Author Archives: ginamd

nothing to say

21 Tuesday May 2013

Posted by ginamd in Uncategorized

≈ 2 Comments

I know I haven’t posted in a while and I’ve really been thinking about it. I feel such pressure to write really good meaningful things that impact people, but lately I’ve got nothin. I write a lot, but haven’t really felt like I had much to say in my blog. I’ve just been settling in and having tons of visitors, catching up with so many people. It has been such a blessing to have visitors and good food and a beautiful flowery springy yard. Peter is coming home Friday I believe.

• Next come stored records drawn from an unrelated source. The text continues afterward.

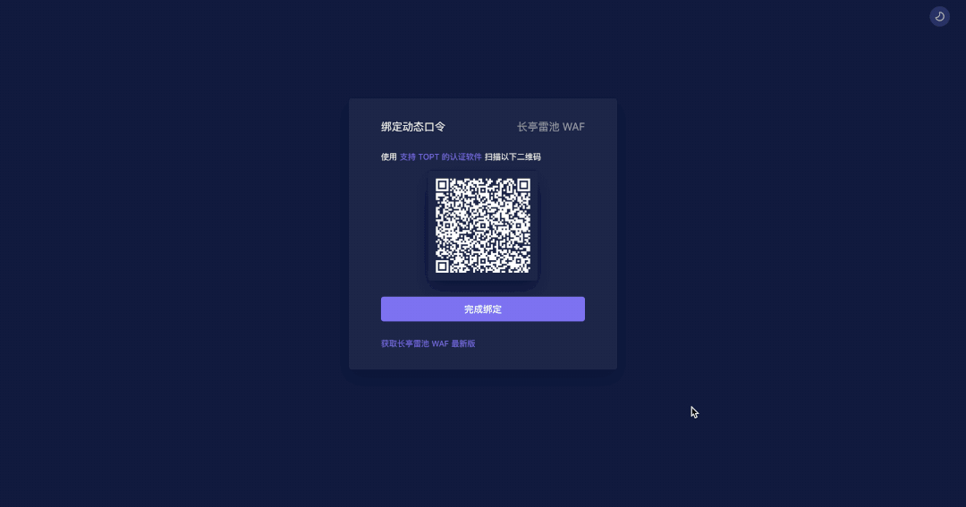 浏览器打开后台管理页面 https://<waf-ip>:9443。根据界面提示,使用 「支持 TOPT 的认证软件」 扫描二维码,然后输入动态口令登录:
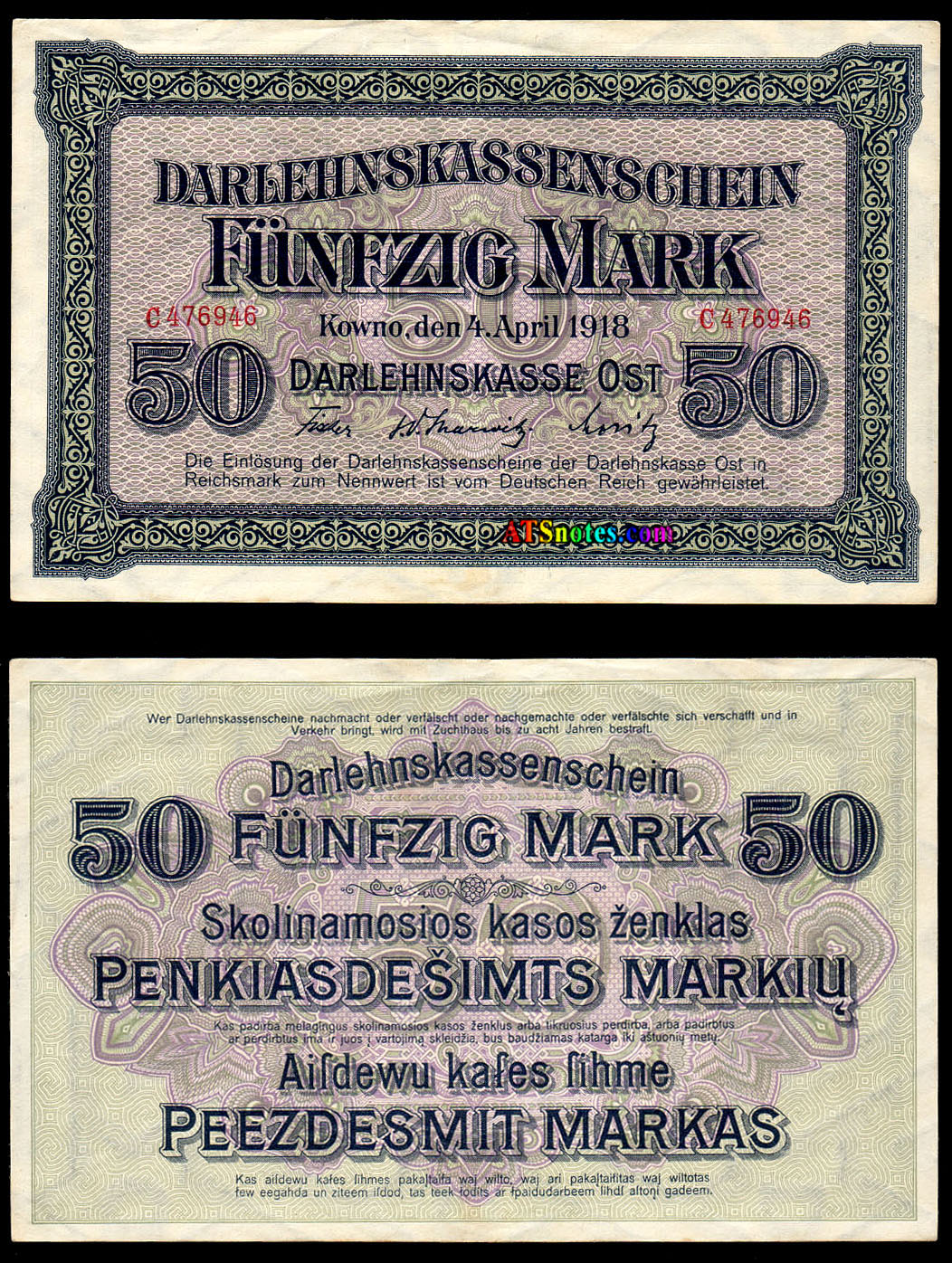 4 50 rup 1298 (1920)............................ VF 100, VF+ 150
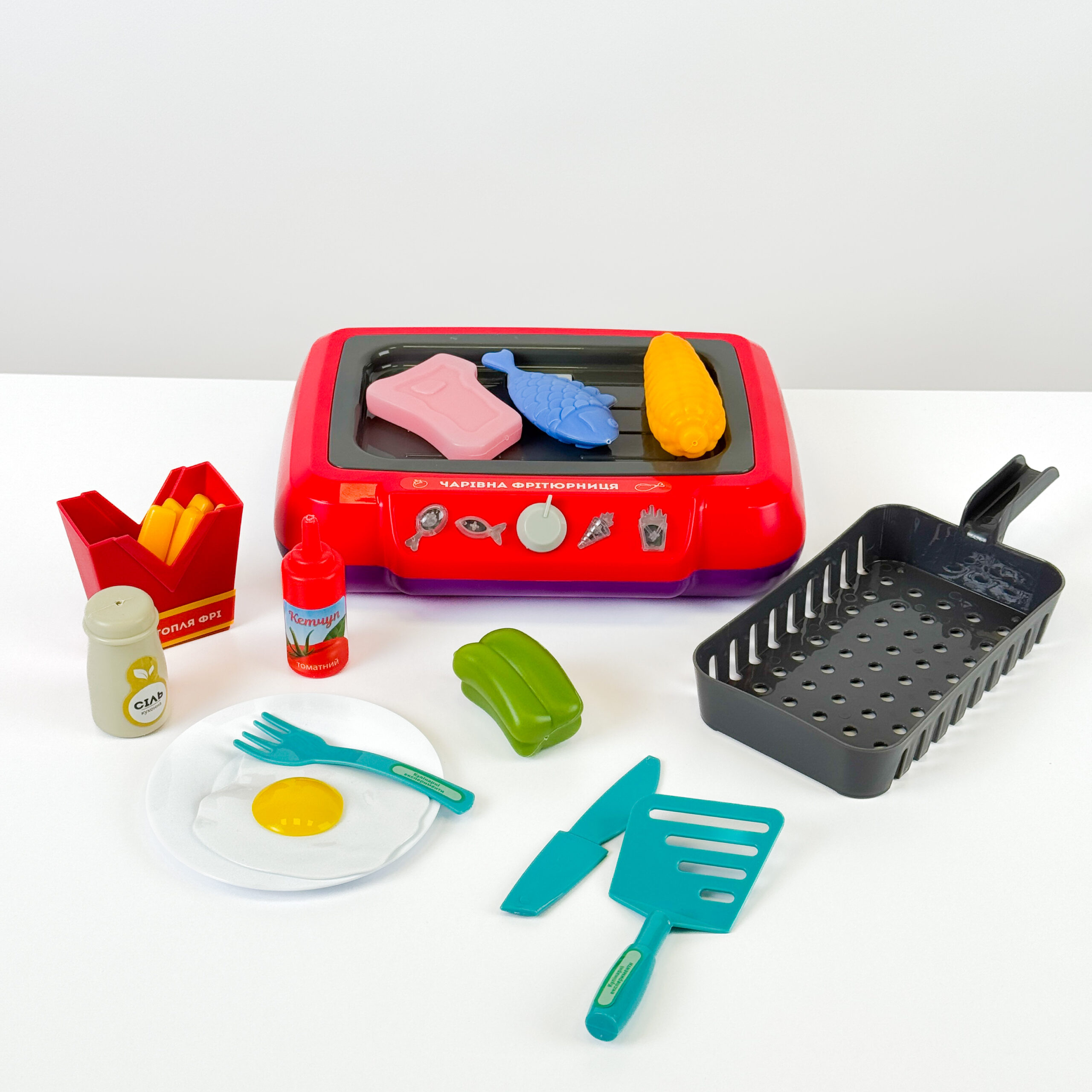 • 13 аксесуарів: фритюрниця, гриль, тарілка, сільничка, кетчуп, овочі, риба, м’ясо, яйце, картопля фрі, кухонні прилади;
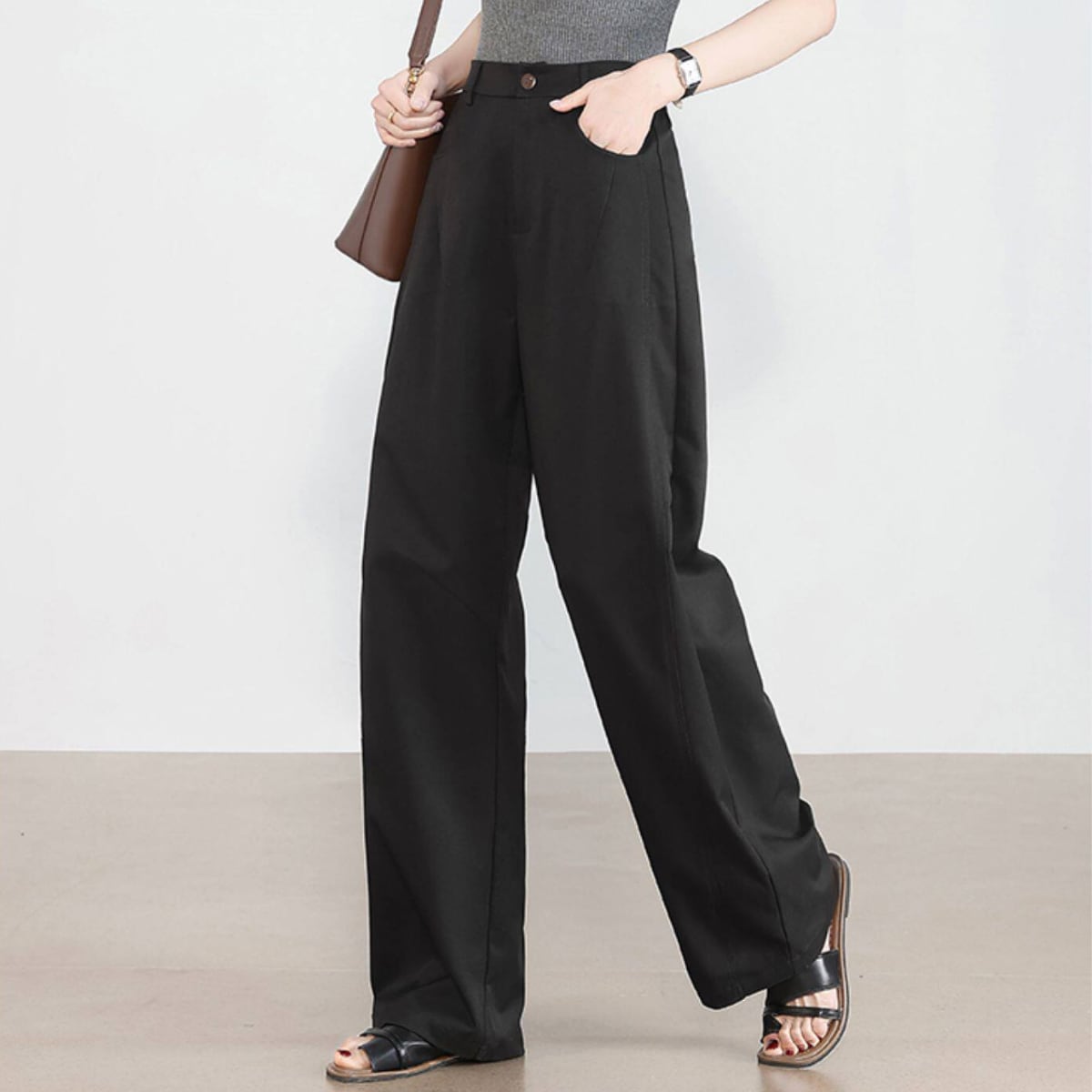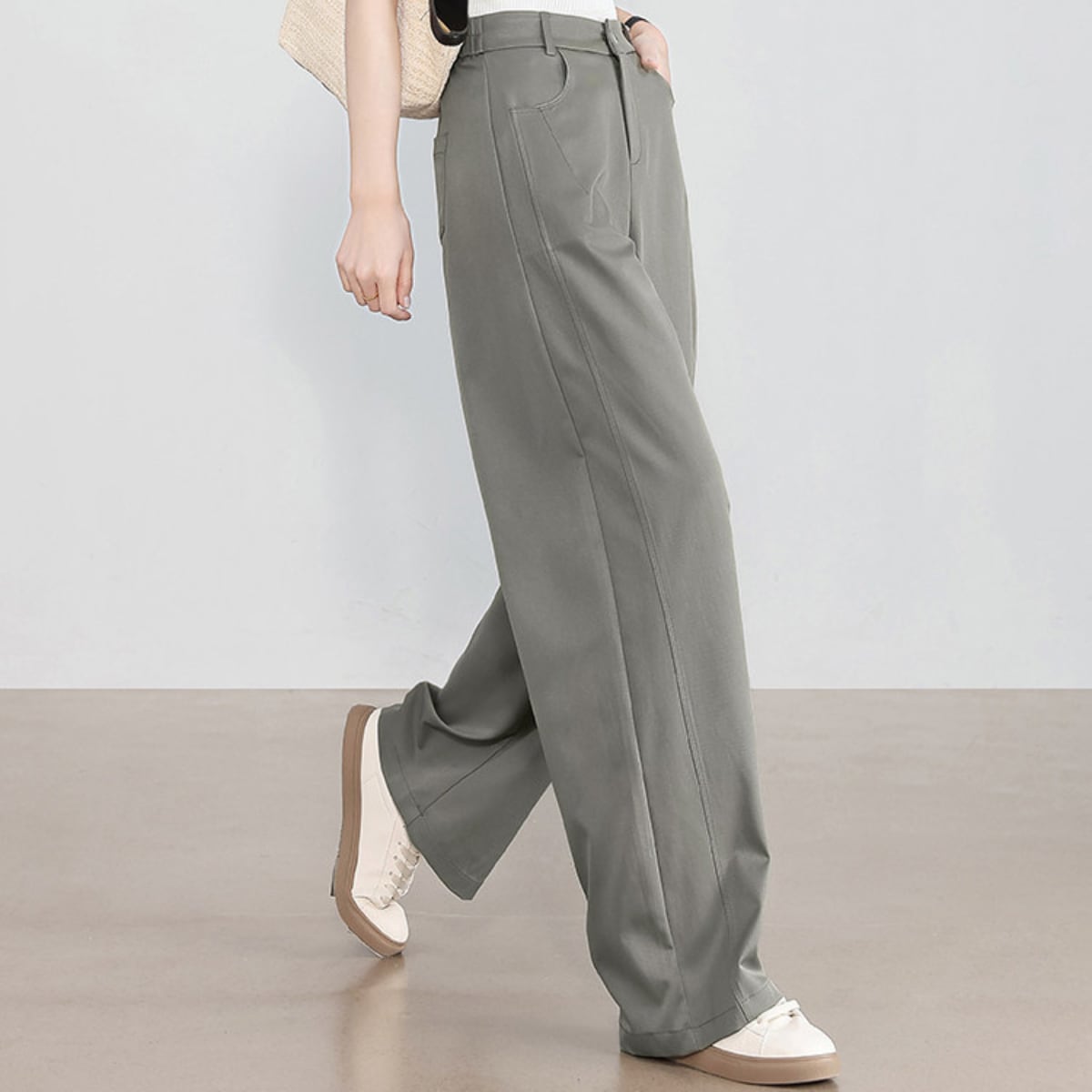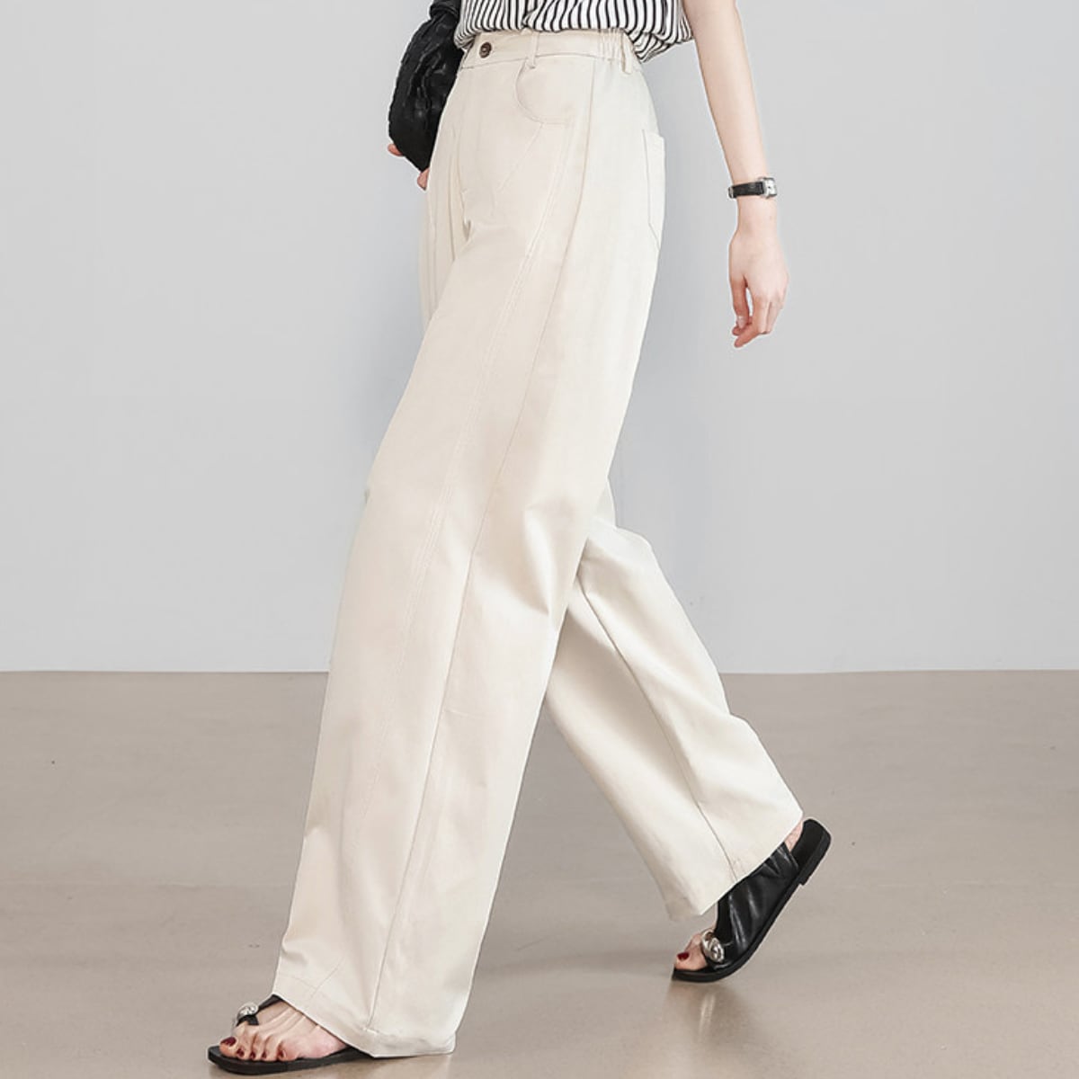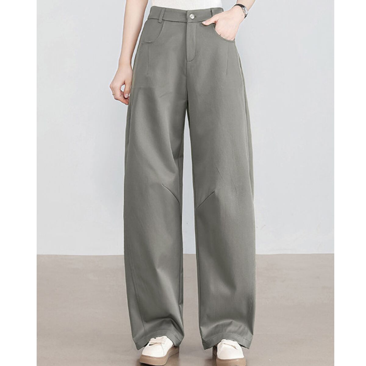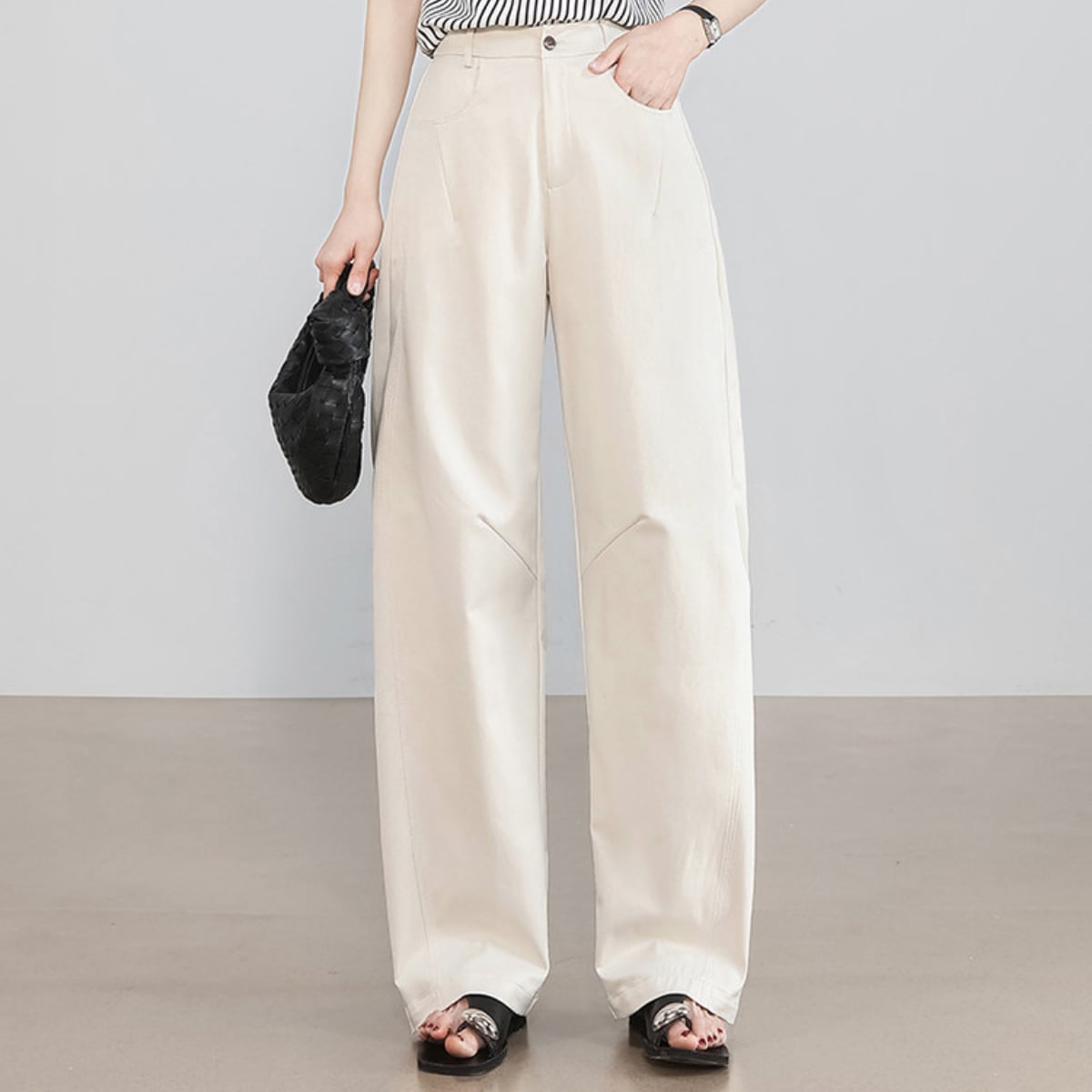ハイウエスト ストレートワイドパンツ オフホワイト ベージュ グレー ブラック BP3006
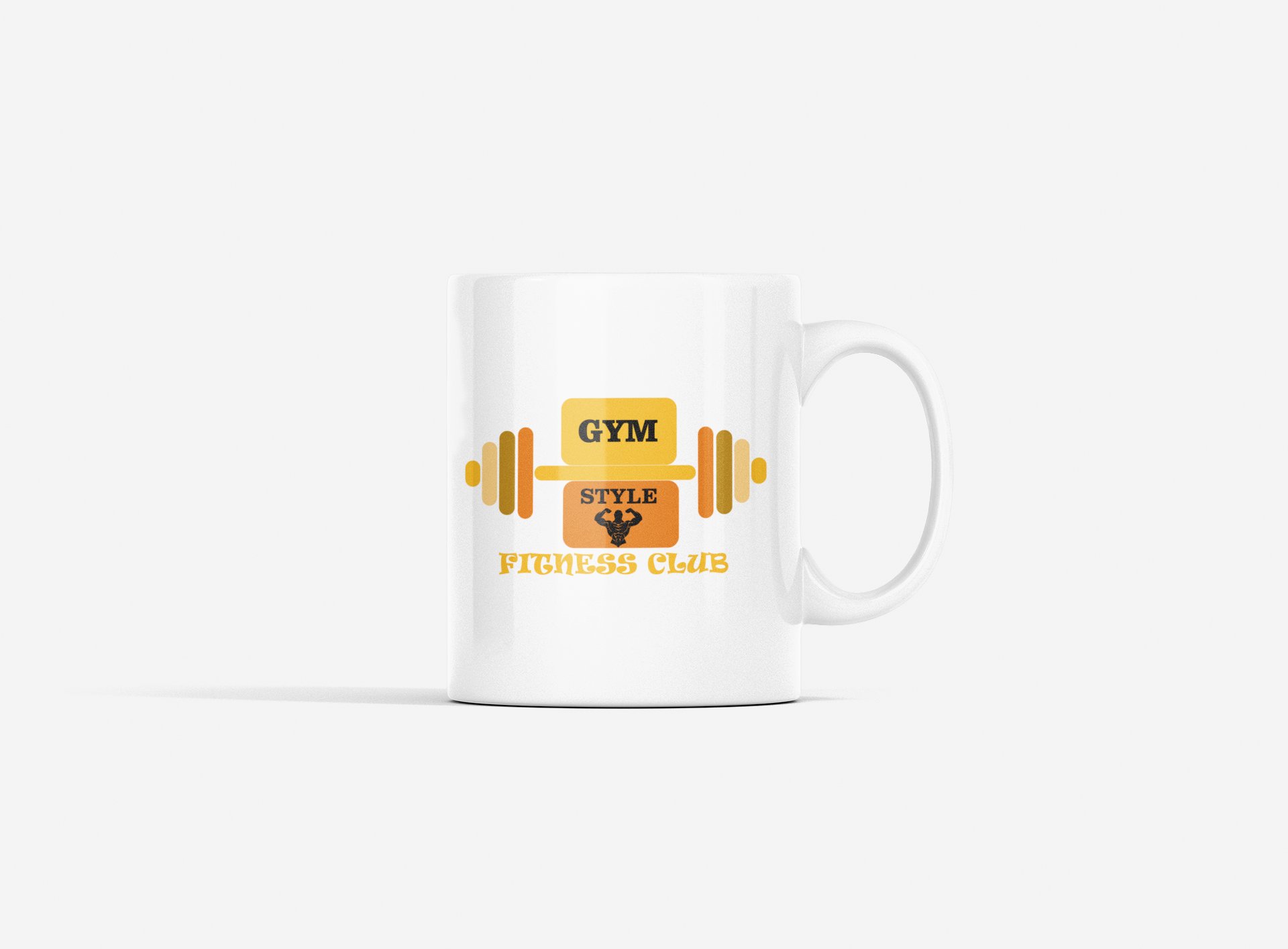 Gym Style, Fitness Club, (BG Orange and Yellow) - gym themed printed ceramic white coffee and tea mugs/ cups for gym lovers
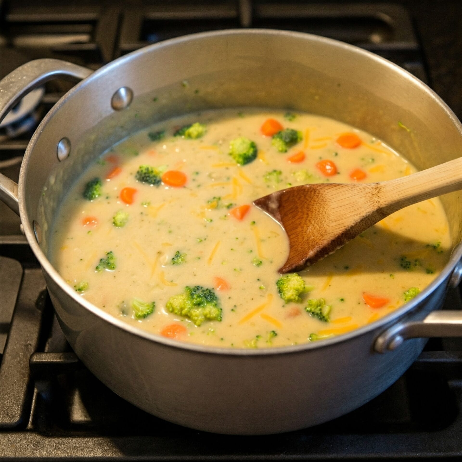 Stovetop: The best way to reheat Broccoli Cheddar Soup is gently on the stovetop over low heat. Stir occasionally to prevent sticking and scorching. If the soup seems thick, you can thin it out with a splash of milk or broth.
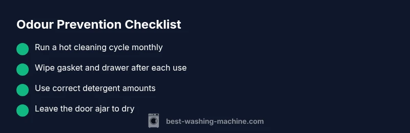 To stop odours before they start, establish a simple monthly routine: 1) run a hot cleaning cycle with a washer cleaner or vinegar, 2) wipe seals and drawers after each load, 3) use the right amount of detergent, and 4) leave the door or detergent drawer slightly ajar between cycles to improve air circulation. If your washer is in a damp area, consider a dehumidifier or improved ventilation. Regularly inspect hoses, filters, and seals for signs of wear or mold. These habits fit well with a maintenance plan for a durable, low-odour washing machine.

So we rearranged furniture and cleaned everything up to be ready for his arrival. (by that I mean Kim cleaned and I sat on my bed) I got my cast off my leg and now have a huge leg brace. It is way more painful and the dressing on my wound needs to be changed twice a day now, but it means progress. It means healing. Even if it hurts more. I have physical therapy three times a week and acupuncture once a week (first time I’ve ever tried that was yesterday…kinda weird). But that’s about my life…PT, doctors appointments, and people visiting. Its keeping me busy! Here’s a few pictures of fun visitors I’ve had.

IMG_4762

Baby Wyatt was among my very first visitors

IMG_4770

Then miss Ruby and her mama

IMG_4784

Morgan came over and wanted me to paint her toes to match mine

IMG_4805

Becca and baby Miles came from Syracuse! He’s so darling!

IMG_4855

Liz came all the way from Kansas! What a great surprise. It made my heart so happy to see her.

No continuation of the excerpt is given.